Parliamentary Under-Secretary of State for Nature
- In office 14 November 2023 – 4 July 2024
- Prime Minister: Rishi Sunak
- Preceded by: Trudy Harrison
- Succeeded by: Mary Creagh
- In office 10 September 2019 – 7 July 2022
- Prime Minister: Boris Johnson
- Preceded by: Thérèse Coffey
- Succeeded by: Steve Double

Parliamentary Under-Secretary of State for Environmental Quality and Resilience
- In office 28 October 2022 – 14 November 2023
- Prime Minister: Rishi Sunak
- Preceded by: Steve Double
- Succeeded by: Robbie Moore

Parliamentary Under-Secretary of State for Arts, Heritage and Tourism
- In office 23 May 2019 – 10 September 2019
- Prime Minister: Theresa May Boris Johnson
- Preceded by: Michael Ellis
- Succeeded by: Helen Whately

Member of Parliament for Taunton Deane
- In office 7 May 2015 – 30 May 2024
- Preceded by: Jeremy Browne
- Succeeded by: Constituency abolished

Personal details
- Born: 10 October 1960 (age 65) Somerset, England
- Party: Conservative
- Spouse: Charles Clark ​ ​(m. 1992; died 2019)​
- Children: 3
- Website: Official website

= Rebecca Pow =

British Conservative politician

Rebecca Pow (born 10 October 1960), is a British Conservative politician who served as the Member of Parliament (MP) for Taunton Deane from 2015 to 2024. She also served as Parliamentary Under-Secretary of State for Nature from November 2023 to 4 July 2024. Pow lost her bid to be elected as the Member of Parliament (MP) for the revised Taunton and Wellington seat to Gideon Amos of the Liberal Democrats in the 2024 United Kingdom General Election.
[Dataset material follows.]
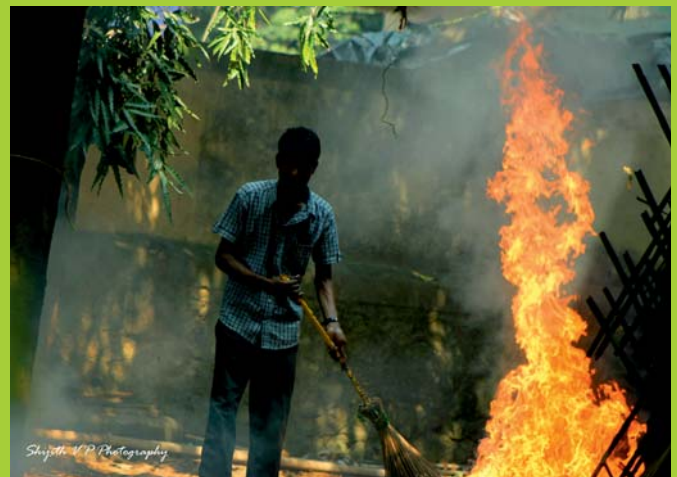
Students Cleaning the surrounding: a drive against Dengue

According to data compiled by the state's health department, areas falling within Greater Mumbai registered 504 cases of dengue — the highest in the state — till September 2012. With this alarming rise in the dengue cases, an initiative was taken by IIPS students to clean the campus and the surroundings as a precautionary measure to prevent the breeding of the mosquitoes and thus looking after each other's health.

Pow previously served as Parliamentary Under-Secretary of State at the Department for Environment, Food and Rural Affairs from 2019 to 2022.

== Early life and career ==
Rebecca Pow was born on 10 October 1960 in Inglesbatch, the daughter of Michael Pow, a farmer. She was brought up on the family farm, working there as a teenager and was an active member of both Bath and Taunton Young Farmers Clubs.

After attending Priston village school, Pow continued her education at La Sainte Union Convent in Bath. Pow studied Rural Environment Studies at Wye College, University of London, graduating in 1982.

She had a 20-year career in radio and television, specialising in the environment, farming and gardening, including working for HTV in Bristol and BBC Radio 4. Around 2005 she set up her own public relations consultancy, Pow Productions, as well as continuing to write on gardening and country living.

Pow was previously a parish councillor for Stoke St Mary and trustee of the Somerset Wildlife Trust. After working for the National Farmers Union, she became a journalist specialising in environment, farming and gardening and has reported for BBC, ITV and Channel 4. She stepped down as vice-president of Somerset Wildlife Trust in June 2018, following an online petition criticising her support for badger culling.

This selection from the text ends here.